Shown below is a listing with pictures; reproduce exactly, and only, the lines between the ones containing "-Susan David PhD" and "Pekerja sedang menurunkan", inclusive, leaving the pictures out.

Records for this task:
========================================================================

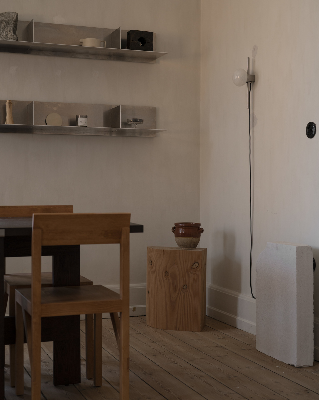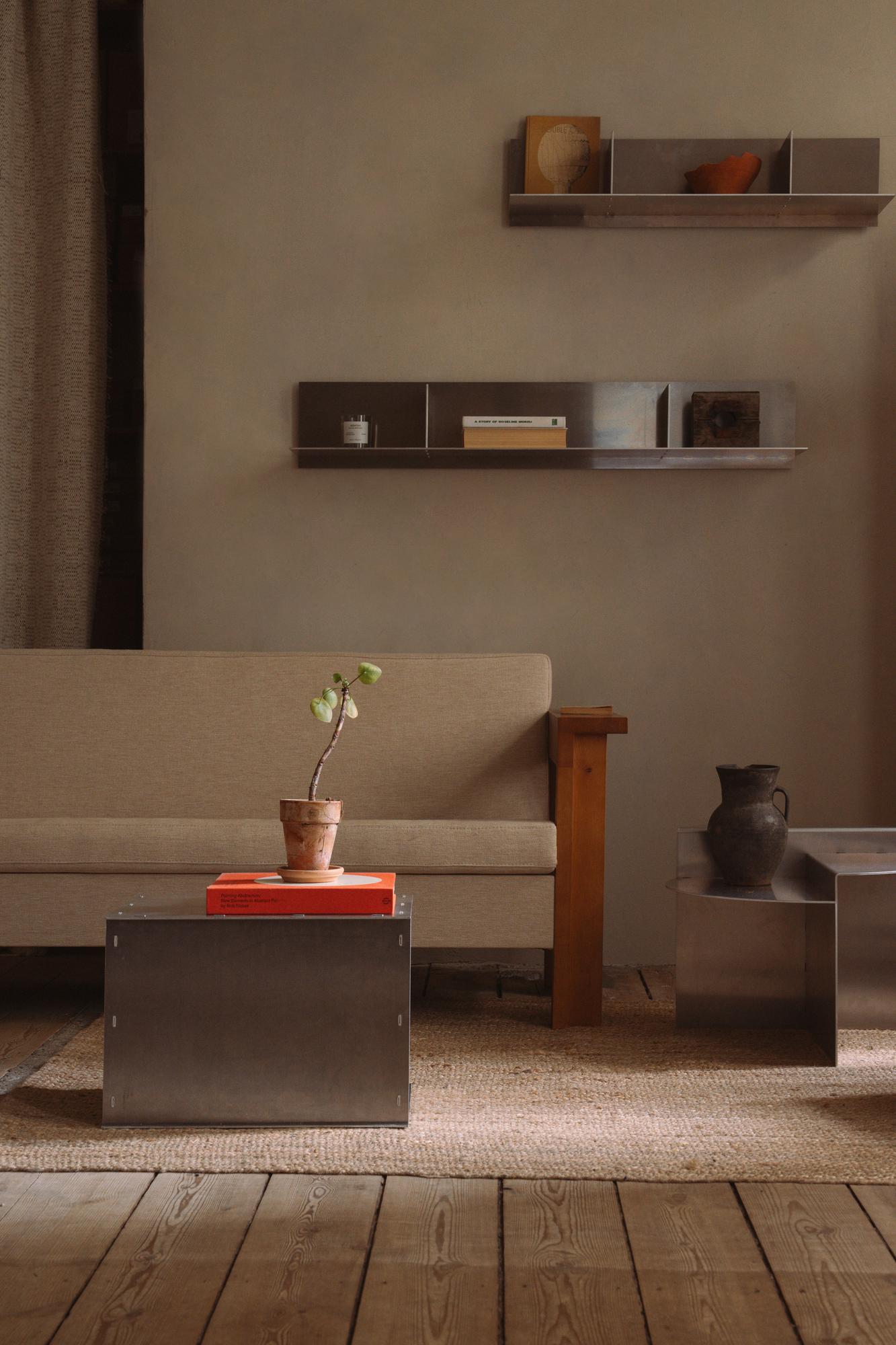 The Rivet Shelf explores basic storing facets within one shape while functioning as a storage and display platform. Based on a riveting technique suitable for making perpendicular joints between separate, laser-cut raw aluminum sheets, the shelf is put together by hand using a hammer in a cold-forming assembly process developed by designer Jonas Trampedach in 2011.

========================================================================

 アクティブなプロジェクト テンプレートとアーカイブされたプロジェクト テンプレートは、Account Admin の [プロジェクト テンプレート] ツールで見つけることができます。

========================================================================

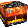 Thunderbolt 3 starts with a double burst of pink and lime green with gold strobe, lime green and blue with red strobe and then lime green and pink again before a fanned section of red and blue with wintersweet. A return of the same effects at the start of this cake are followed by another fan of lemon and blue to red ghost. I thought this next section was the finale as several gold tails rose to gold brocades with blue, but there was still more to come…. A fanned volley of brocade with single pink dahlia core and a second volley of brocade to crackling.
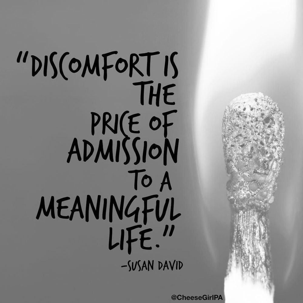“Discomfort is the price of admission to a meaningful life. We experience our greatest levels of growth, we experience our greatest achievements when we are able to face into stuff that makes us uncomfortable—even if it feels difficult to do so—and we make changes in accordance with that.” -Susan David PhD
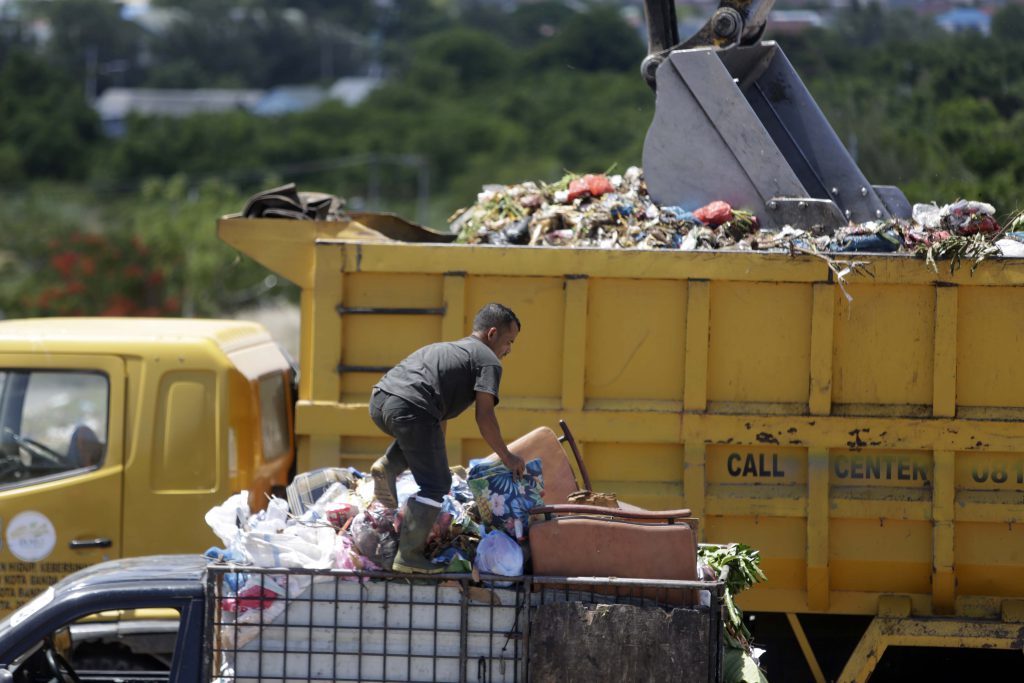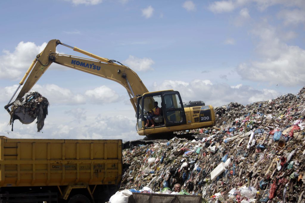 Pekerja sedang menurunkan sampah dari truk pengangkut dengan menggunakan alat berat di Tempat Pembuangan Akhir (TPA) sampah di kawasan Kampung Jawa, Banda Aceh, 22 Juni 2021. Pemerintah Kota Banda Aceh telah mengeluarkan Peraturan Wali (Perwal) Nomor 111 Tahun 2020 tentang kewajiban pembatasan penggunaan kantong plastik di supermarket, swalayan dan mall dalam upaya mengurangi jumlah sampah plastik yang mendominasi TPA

========================================================================

Task solution:
“Discomfort is the price of admission to a meaningful life. We experience our greatest levels of growth, we experience our greatest achievements when we are able to face into stuff that makes us uncomfortable—even if it feels difficult to do so—and we make changes in accordance with that.” -Susan David PhD
 Pekerja sedang menurunkan sampah dari truk pengangkut dengan menggunakan alat berat di Tempat Pembuangan Akhir (TPA) sampah di kawasan Kampung Jawa, Banda Aceh, 22 Juni 2021. Pemerintah Kota Banda Aceh telah mengeluarkan Peraturan Wali (Perwal) Nomor 111 Tahun 2020 tentang kewajiban pembatasan penggunaan kantong plastik di supermarket, swalayan dan mall dalam upaya mengurangi jumlah sampah plastik yang mendominasi TPA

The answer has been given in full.